> [Problem]
Can you write out every line from the start of the records below through the line containing "志娟一行實地參觀了龍信館,聽", leaving out any pictures?

Records provided START

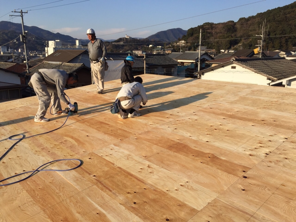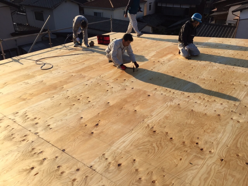 屋根の野地板、ルーフィング(防水シート)まで仕上げられて、一安心。
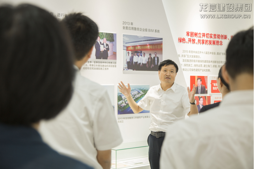志娟一行實地參觀了龍信館,聽取陳祖新董事長介紹公司產業工人隊伍建設改革的相關舉措和成效。為適應建筑產業現代化發展,龍信集團依托江蘇省智慧工程技術研究中心、科研單位、高等院校、龍信班等全方面、多渠道培養專業技能人才,同時選拔項目一線員工赴日本鹿島學習裝配式建筑技術,大力提升公司產業工人隊伍整體素質。近年來,龍信集團積極選拔專業人才參與十三五課題研究、國家標準、行業標準編制,努力將科技成果轉化為生產力,不斷提升企業核心競爭力。
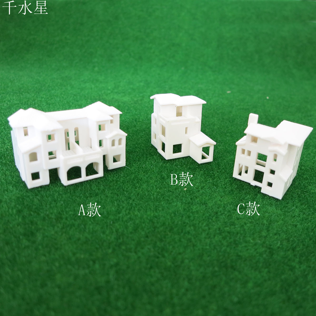 模型别墅,有1:500和1:800两种比例规格。A款是较大的,B款一楼带走廊,C款比较接近方形。 【比例】:1:500和1:800 【材质】:塑料 比例 长*宽*高(mm) 1:800别墅 A款 25*16*16 B款 18.5*14*16 C款 14*13*16 1:500别墅 A款 39.5*26*26 B款 30*23*26 C款 22.5*22*26
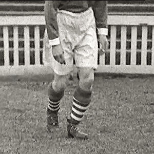 The baggy white shorts were quite long, but were worn so high on the waist that they still didn’t cover the knees. Completing the kit were hooped ‘stockings’ with a plain foldover band which looked superb.
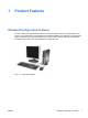 1 Product Features Standard Configuration Features The HP Compaq Ultra-Slim Desktop computer comes with features that may vary depending on the model. For a complete listing of the hardware and software installed in the computer, run the diagnostic utility (included on some computer models only). Instructions for using the utility are provided in the Troubleshooting Guide on the Documentation and Diagnostics CD.
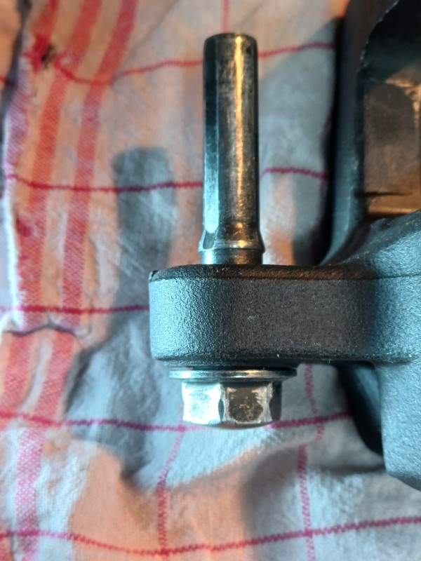 Wie man hoffentlich sieht, ist der Schraubenkopf nicht bündig auf dem Sattel drauf, es bleibt ein minimaler spitzwinkliger Spalt. Der Abstand von der Schraubenspitze zum Sattelkörper beträgt 16 millimeter.

Records provided END

> [Expected answer]
 屋根の野地板、ルーフィング(防水シート)まで仕上げられて、一安心。
志娟一行實地參觀了龍信館,聽取陳祖新董事長介紹公司產業工人隊伍建設改革的相關舉措和成效。為適應建筑產業現代化發展,龍信集團依托江蘇省智慧工程技術研究中心、科研單位、高等院校、龍信班等全方面、多渠道培養專業技能人才,同時選拔項目一線員工赴日本鹿島學習裝配式建筑技術,大力提升公司產業工人隊伍整體素質。近年來,龍信集團積極選拔專業人才參與十三五課題研究、國家標準、行業標準編制,努力將科技成果轉化為生產力,不斷提升企業核心競爭力。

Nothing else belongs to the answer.